Set down the whole listing below exactly, without pictures.
▽
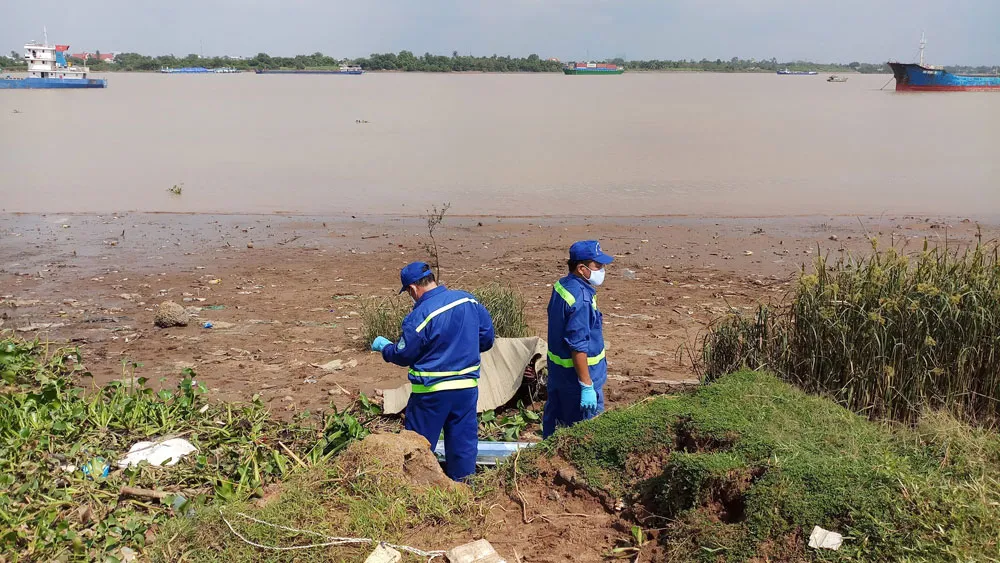 Nhận tin báo, công an có mặt tại hiện trường và kéo thi thể vào bờ, lấy lời khai, khám nghiệm, điều tra làm rõ.
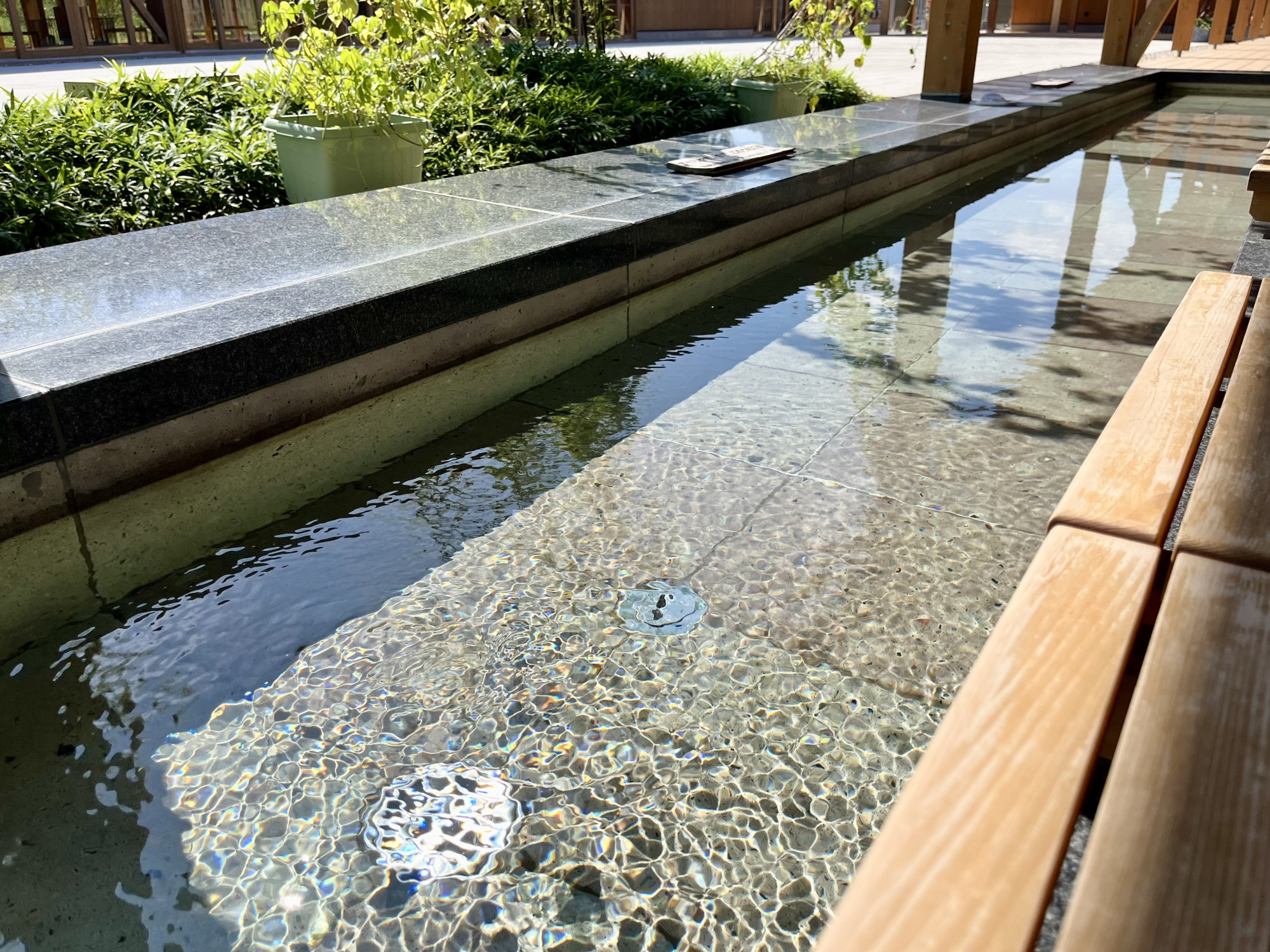 座るスペースがしっかり確保できていて、熱すぎない40°くらいのお湯が足元を癒してくれますよ♪(タオルの持参も忘れずに!!)
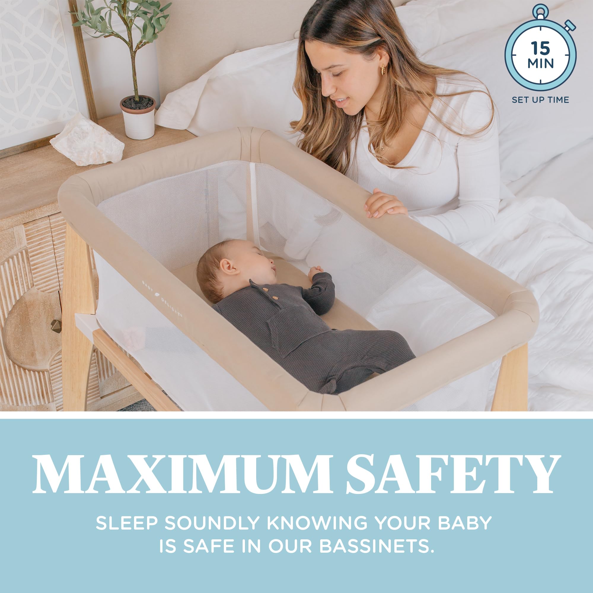 MAXIMUM SAFETY: At Baby Delight, we also believe in safe sleeping environments which is why this bedside sleeper has a sturdy frame, non-skid feet, is JPMA certified, and passes ASTM F2194 standards. Sleep soundly knowing your baby is safe in our bassinets.
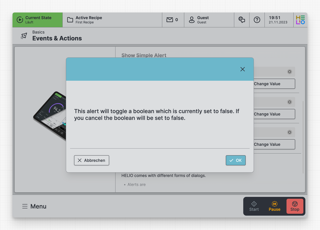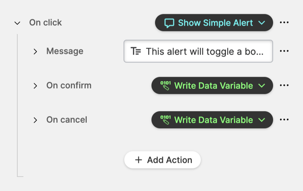 This example illustrates how to show a message and deal with both the On confirm and On cancel responses by writing a data variable.
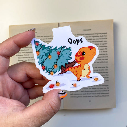 Magnetic Bookmark - Ty at Christmas - Kawaii Dinosaur
△
■ SOLUTION FOR THIS EXERCISE:
 Nhận tin báo, công an có mặt tại hiện trường và kéo thi thể vào bờ, lấy lời khai, khám nghiệm, điều tra làm rõ.
 座るスペースがしっかり確保できていて、熱すぎない40°くらいのお湯が足元を癒してくれますよ♪(タオルの持参も忘れずに!!)
 MAXIMUM SAFETY: At Baby Delight, we also believe in safe sleeping environments which is why this bedside sleeper has a sturdy frame, non-skid feet, is JPMA certified, and passes ASTM F2194 standards. Sleep soundly knowing your baby is safe in our bassinets.
 This example illustrates how to show a message and deal with both the On confirm and On cancel responses by writing a data variable.
 Magnetic Bookmark - Ty at Christmas - Kawaii Dinosaur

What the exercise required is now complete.